As has been stated, many courses may grant you academic credit.  You may be pleasantly surprised by how much academic credit your military training and experience can grant you.


----------



## belka (23 Sep 2006)

bison33 said:
			
		

> OK....here's what you need to do to be an AME from as far as being AVN. When I was an AVN tech, I did the old ICS (not sure what the place is called now) correspondence thing for the usless piece of paper in aircraft mechanics....but with that, all I needed was to write the Transport Canada exams (M1 or M2..whatever you want) and complete 900 hrs of logged time with a civie outfit to be fully licensed. No need for the required 2 years college and 1800 hrs of time. Still a crappy deal for us though.....and someone said to worry about the next 23 years first before doing this....ignore him. Do it. It's for you. Not the military. The military won't care about you after your tx'd.
> 
> Saying that....here's a link to the Transport Canada website
> http://www.tc.gc.ca/civilaviation/maintenance/aarpb/menu.htm
> ...



Exactly what I was looking for, thank you very much.  8)

Truthfully, my heart lies in Civy aircraft like the Airbus's and Boeing's, although the fighters are "cool", they don't appeal to me as much. I didn't know that our only civy aircraft, the Polaris, was contracted out, until 6 months into my AVN course.


----------



## RetiredRoyal (23 Sep 2006)

Transport Canada will now recognize skill, experience and training for your AME license. This evaluation is done IAW MSI 18 which describes tasks performed on military aircraft as being acceptable for up to 90% of the min logbook tasks provided the aircraft worked on have a civil equivalent. IE CC138, is a twin otter...civil, Dash 8, herc etc..no CF-18's...sorry.

TC will also accept your 514 or 525 for a specified number of months of training, identifies the gaps etc.

What is still required, after you fill the gaps in training, is to complete 6 months on civil registered aircraft, write the exams and complete teh missing 10% of yourlogbook.

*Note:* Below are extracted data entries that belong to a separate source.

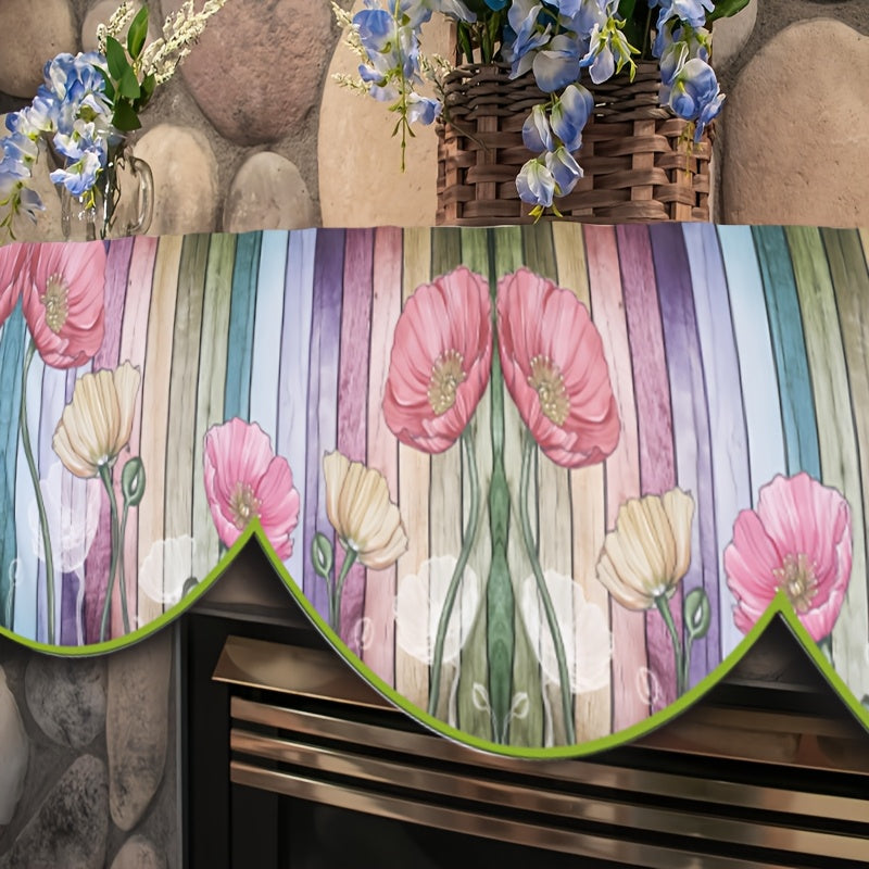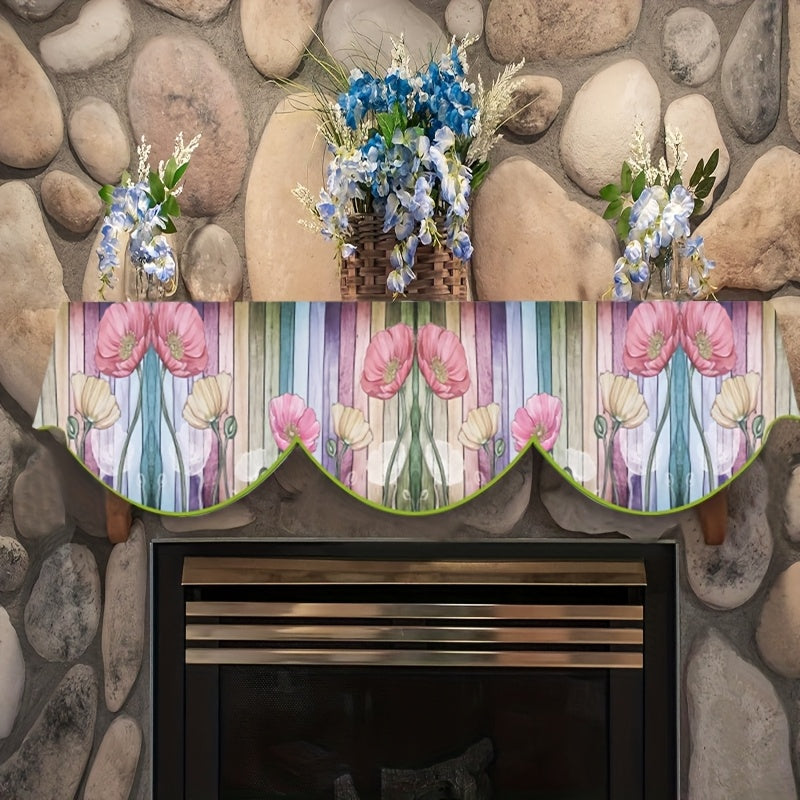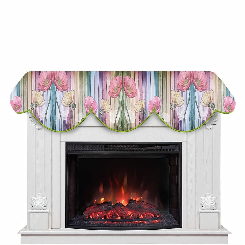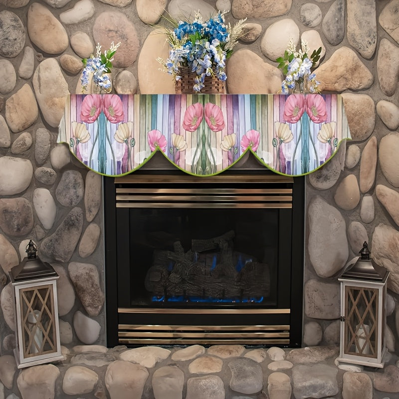 Poliester pechka mantel skarfi gullar dizayni bilan - mavsumiy uy bezaklari uchun mukammal, pechka eshigi oynasiga mos keladi, elektr energiyasi talab qilinmaydi, o'lchami: 49.78 sm x 199.9 sm.
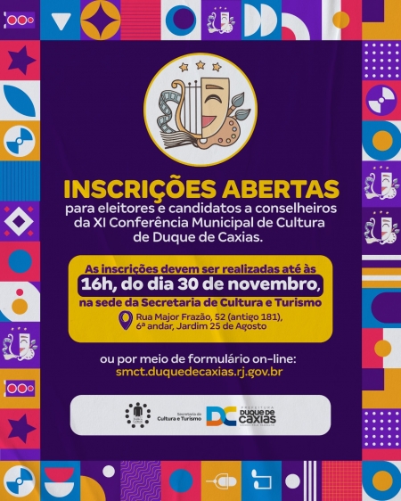 A Secretaria Municipal de Cultura e Turismo e o Conselho Municipal de Política Cultural (CMPC) de Duque de Caxias informam que estão abertas as inscrições para eleitores e candidatos a conselheiros da XI Conferência Municipal de Cultura de Duque de Caxias. .
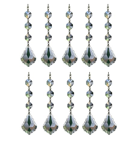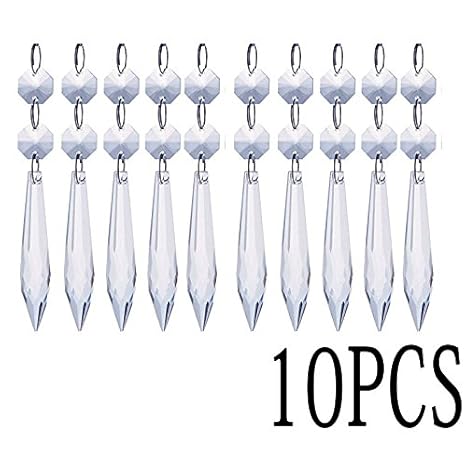 Waltz F Large Clear Crystal Chandelier Icicle Prisms Lamp Candelabra Replacement Parts With Octagon Beads Diy Crystal Curtain Pendants Pack Of 10
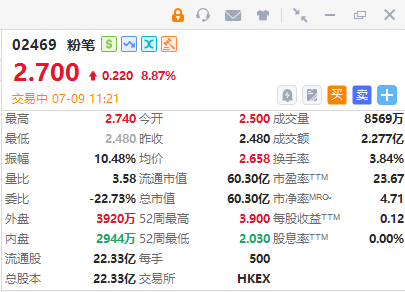 智通财经APP获悉,粉笔涨超8%,截至发稿,涨9.68%,报2.70港元,成交额2.277亿港元。
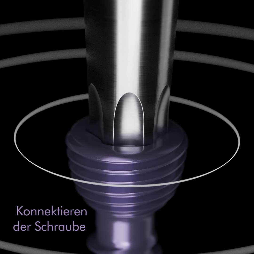Das System TOBI® Drive ermöglicht eine präzise und zuverlässige Verbindung zwischen Schraube und Schraubendreher. Die Verbindung kann durch Aufstecken per Hand oder direkt aus der Halterung im Sieb erfolgen. Nach dem Eindrehen und Verriegeln der Schraube im Implantat, wird der Schraubendreher leicht hin und her bewegt, um die Verbindung zu lösen.
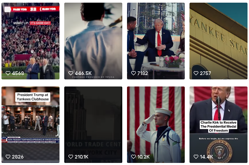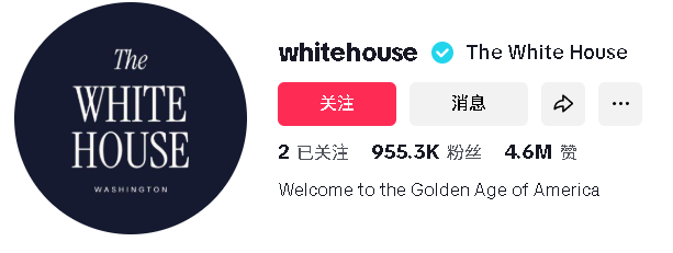 值得注意的是,特朗普本人在大选期间就曾通过 TikTok 账号吸引大量年轻粉丝的支持,而白宫也于今年 8 月 19 日正式开设了官方 TikTok 账号,新账号被定位为“高效传达总统政策”的渠道,开通短短半天时间便收获了超 5 万粉丝,白宫新闻秘书莱维特表示,特朗普政府将通过 TikTok 等平台向更多受众传递特朗普的执政成就,与受众进行沟通。截至发稿,该账号已有超 95 万名粉丝,基本保持日更的节奏,活跃度极高。
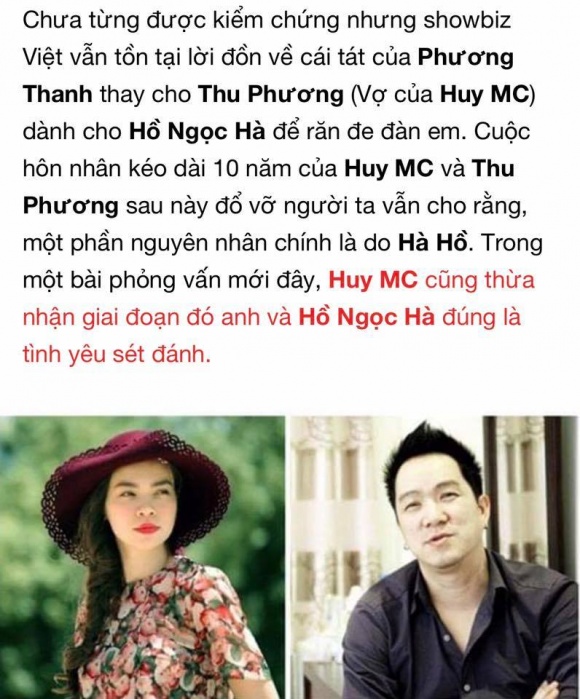 Được biết, Hồ Ngọc Hà bị coi là kẻ thứ 3 chen chân vào gia đình Thu Phương và Huy MC, khiến gia đình 4 người bị tan vỡ. Thu Phương không trực tiếp đứng ra đánh ghen, thay vào đó là người bạn thân Phương Thanh thay mặt Thu Phương "tát" cho Hồ Ngọc Hà một bạt tai để cảnh cáo, nhưng đã tạo nên một trong những scandal chấn động showbiz Việt cách đây hơn chục năm.
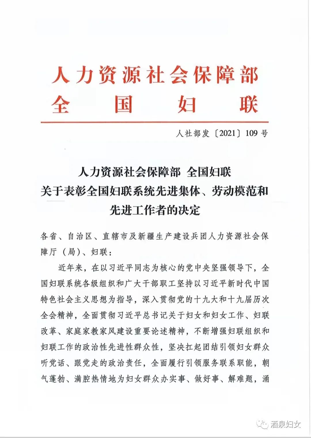 根据人力资源社会保障部 全国妇联《关于表彰全国妇联系统先进集体、劳动模范和先进工作者的决定》,授予150个单位“全国妇联系统先进集体”称号,授予100名同志“全国妇联系统劳动模范”称号,授予100名同志“全国妇联系统先进工作者”称号,酒泉市妇联荣获“全国妇联系统先进集体”称号。
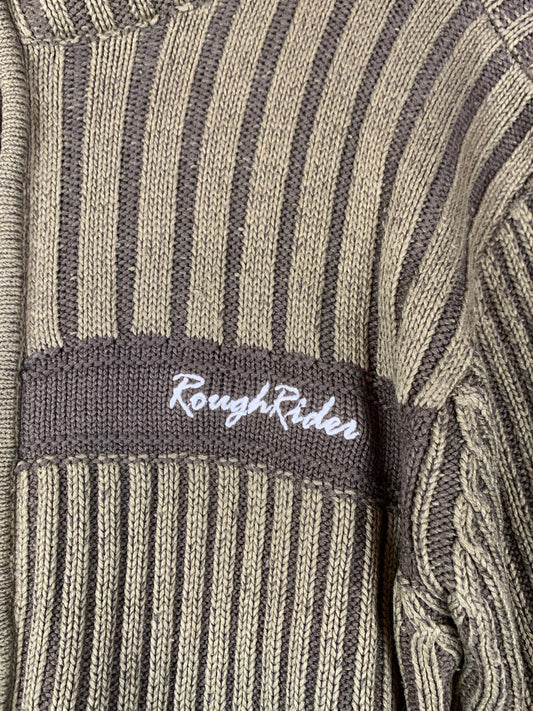 Men's Y2K Rough Rider Khaki Ribbed Zip Sweater
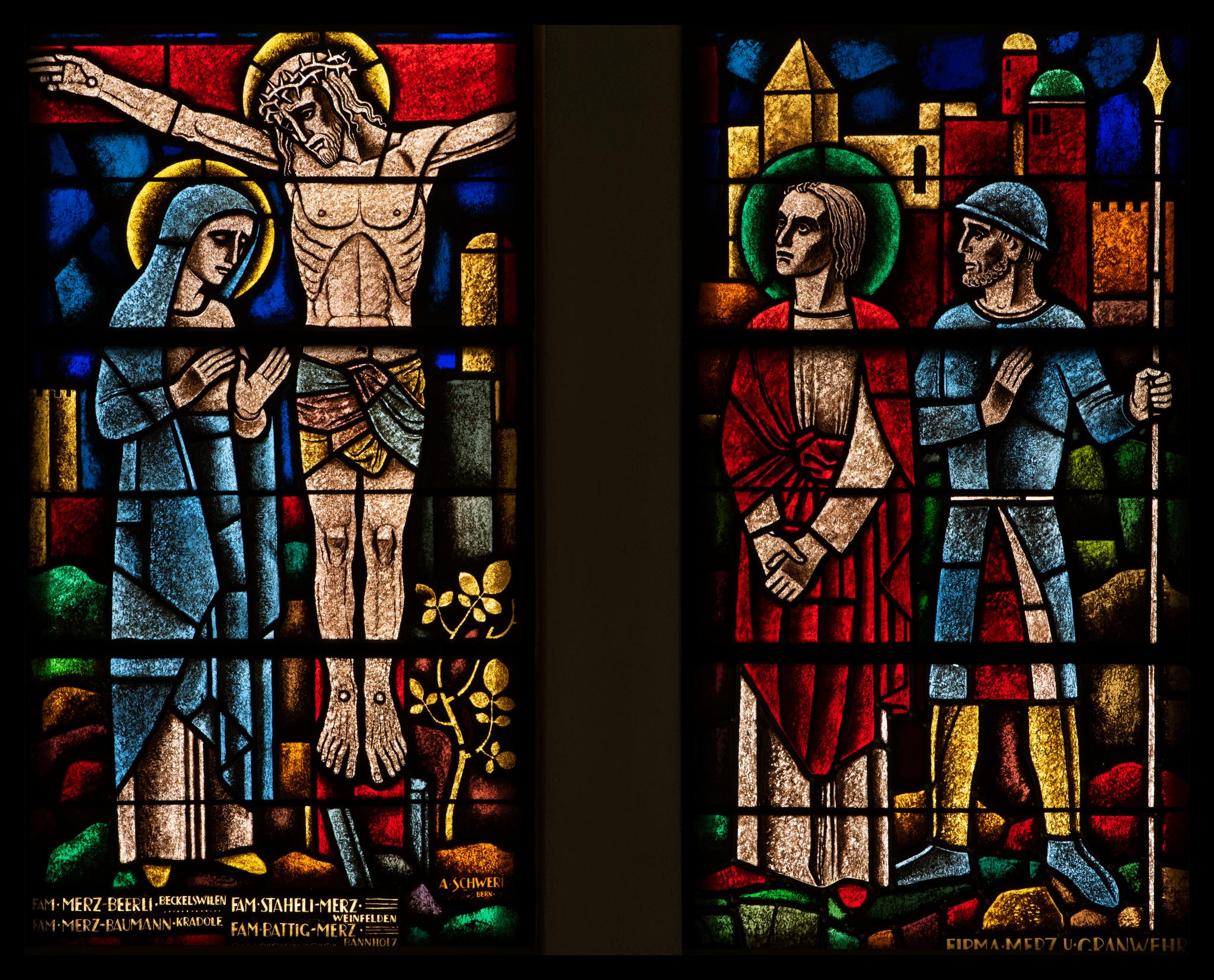 Stilistisch sind die Glasmalereien mit denjenigen, die Albin Schweri für die katholische Pfarrkirche in Lungern OW (1930−1933), für die christkatholische Kirche St. Peter und Paul (1935) und die Dreifaltigkeitskirche in Bern (1936−1939) schuf, vergleichbar.
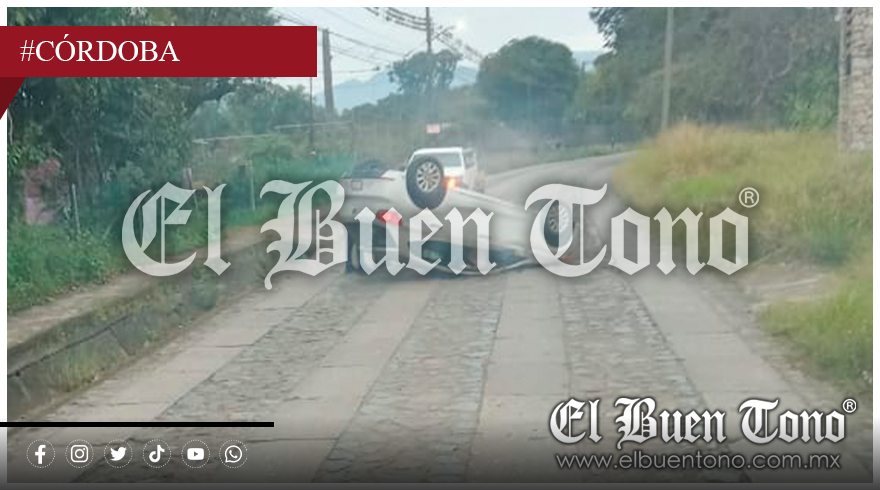 Córdoba.— El exceso de velocidad y la falta de precaución provocaron que un automóvil terminara volcado la mañana de este jueves en la Calzada Morelos.
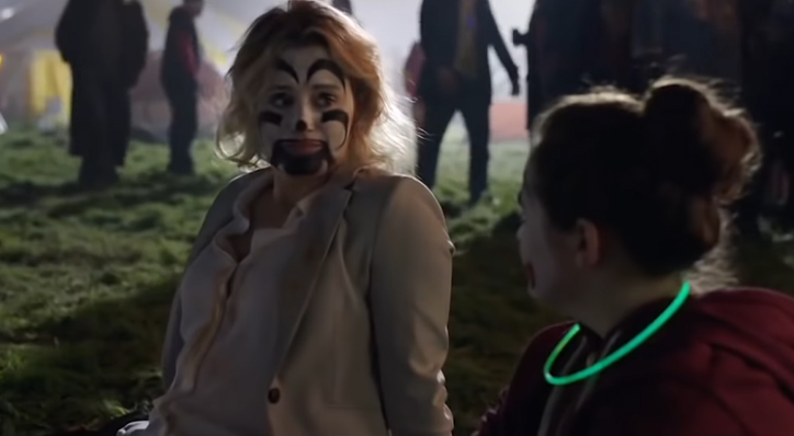 Screenshot of Kate painted up has a Juggalette talking to Cheryl
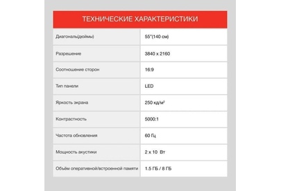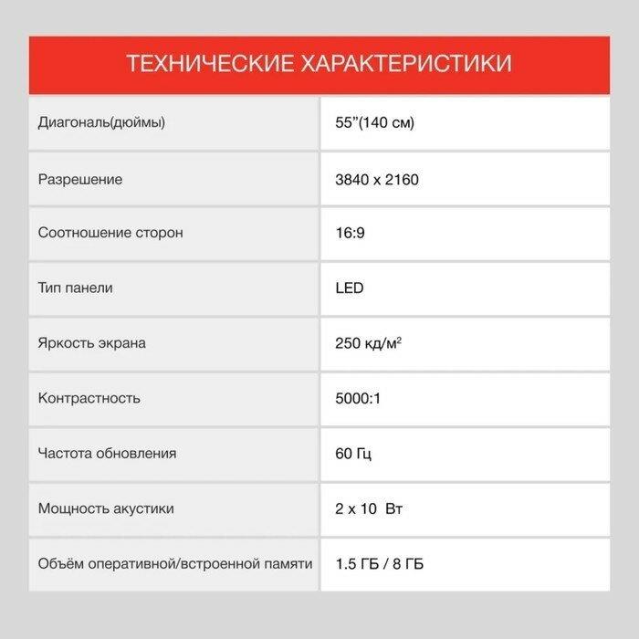 Технология экрана LED, Поддержка SMART TV, ОС Яндекс.ТВ Разрешение4K Ultra HD Покрытие экрана глянцевое Соотношение сторон 16:9 Яркость экрана 250 кд/м2 Контрастность 5.000:1 Время отклика пикселя 6.5 мс Углы обзора (гориз / верт) 178x178 Частота обновления 60 Гц Встроенный Wi-Fi да Встроенный Bluetooth да Телетекст ДА Таймер сна ДА Таймер включения / выключени яДА Родительский контроль ДА Функция Time Shift ДА
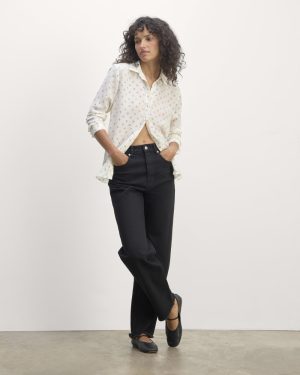 The Must-Have Shirt in Washable Silk | Bone / Black Square Dot

I'm now a licensed AME and heavily involved in this process for applicants.


----------



## beenthere (25 Sep 2006)

I obtained my AME in the mid 90's with my military qualifications and experience. I had worked on civilian aircraft as part time employment since the 60's during my military career. However since there was no official records regarding my part time employment it was not of any use. 
At any rate my military qualifications and experience was accepted at that time. It has obviously changed since then.
My endorsement for the L-382 Hercules was "hand written" . About 100 pages of detail which described various systems and procedures for rigging flight controls and prop and engine control rigging. It was certainly different but as there was no approved course on the 382 it was the only way to get it.
That's probably all history now since things change.


----------



## FltEng (12 Oct 2006)

Here is another link worth looking at- http://pecfc.com/equivalences2/en/


----------



## acheo (7 Nov 2006)

Prior to join the military I worked in the aerospace industry. Approx 50% of the staff were ex-military personnel. I can tell you right away that most human ressources (HR) will recognize all RELEVANT experience. However 20 years in the CF does not equal to a 20 year experience. All this time in training and awaiting training will not be recognize. If you 're a tech and expect to work in the same field when you retire my best advice would be to focus on working as much as you can in this field.  In my company there were retired LCol working as section leaders and short term service Captains holding VP positions. Obviously their CF career didn't weight the same. 

Acheo


----------



## belka (22 Aug 2007)

A little more info on the subject:

http://www.tc.gc.ca/civilaviation/maintenance/aarpb/General/CMP.htm


----------



## Retired AF Guy (22 Aug 2007)

If you go to the CF Recruiting webpage you can look what your occupation and at the bottom there will be a list of  equivalent civilian occupations. 

This link should give you a pace to start:

http://www.recruiting.forces.gc.ca/v3/engraph/home/home.aspx?bhcp=1

Also, you can visit your base/wing PSO and they have books that also list equivalent civilian occupations.


----------